We got the premise registration data of every district and region. 

We need to get the registration data for every competitor hexagon cell likewise, we figure those enumeration data dependent on ward and district which meets with the cell. 

On the off chance that a hexagon is in one district totally, we will utilize the precinct's statistics information as hexagon's one. So it implies for all hexagons inside one precinct, we will treat them the equivalent for enumeration include. 

As needs be, if a hexagon has a half convergence with two precincts individually, we will create the statistics information of this hexagon, half proportion from these two wards separately. 

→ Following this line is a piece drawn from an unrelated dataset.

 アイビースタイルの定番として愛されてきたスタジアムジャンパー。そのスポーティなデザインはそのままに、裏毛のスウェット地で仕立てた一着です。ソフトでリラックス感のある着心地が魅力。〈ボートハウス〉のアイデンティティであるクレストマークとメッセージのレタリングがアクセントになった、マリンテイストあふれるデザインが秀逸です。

In view of this standard, we can figure the registration for all hexagons.


We will calculate the following features for shopping malls and movie theaters:

* The number of coffee shops and restaurants within the current hexagon cell.
* The number of coffee shops and restaurants within 1 km away from the center of the hexagon cell.
* A number of coffee shops and restaurants within 3 km away from the center of the hexagon cell.

## Results and Discussion

We generated hexagon areas all over Toronto. 
And we group them into 10 clusters according to census data information including population, density, age, education, and income. Shopping center information and existing movie theaters information are also considered when running the clustering algorithm.

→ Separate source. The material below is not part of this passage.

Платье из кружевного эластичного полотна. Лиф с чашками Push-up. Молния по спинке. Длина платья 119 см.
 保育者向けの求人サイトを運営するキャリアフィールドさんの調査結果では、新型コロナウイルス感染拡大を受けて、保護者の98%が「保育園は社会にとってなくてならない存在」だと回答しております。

From data analysis and perception, we can see coffee shops are constantly situated close to shopping centers and cafés normally, which roused us to discover the territory with all the more shopping centers and less cinemas. 

After the K-Means Clustering ML calculation, we got the group with most shopping centers close by and less coffee shops all things considered. We likewise found different qualities of the group. It shows the group has the most populace and thickness which suggests the most elevated traffic among all the bunches. 

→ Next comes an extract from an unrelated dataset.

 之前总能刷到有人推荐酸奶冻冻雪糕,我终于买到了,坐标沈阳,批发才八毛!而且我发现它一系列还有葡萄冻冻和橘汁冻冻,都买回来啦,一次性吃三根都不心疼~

There are 40 hexagon territories in this bunch, we sort all these hexagon regions by shopping centers, restaurants, and coffee shops data in dropping request which focuses to cover all the more shopping centers and less cinemas in the neighborhood cell or close by. 

We make our inference with the 5 most encouraging hexagon territories fulfilling every one of our conditions. These suggested zones will be a decent beginning stage for additional examination. There are additionally different components which could be considered, for example genuine traffic information and the income of each restaurants, coffee shops, parking areas nearby. They will be useful to discover more exact outcomes.

## Conclusion


The motivation behind this project is to discover an area on Toronto explicitly on North York to open a coffee shop. 

In the wake of bringing information from a few information sources and procedure them into a spotless information outline, applying the K-Means bunching calculation, I picked the group with more restaurants and coffee shops all things considered. By arranging all up-and-comer territories in the bunch, we get the most 5 promising zones which are utilized as beginning stages for definite investigation by partners. 

A ultimate choice on ideal coffeehouse's area will be made by partners dependent on explicit qualities of neighborhoods and areas in each suggested zone, thinking about extra factors like the parking garage of every area, traffic of existing cinemas in the bunch, and current income of them, and so forth.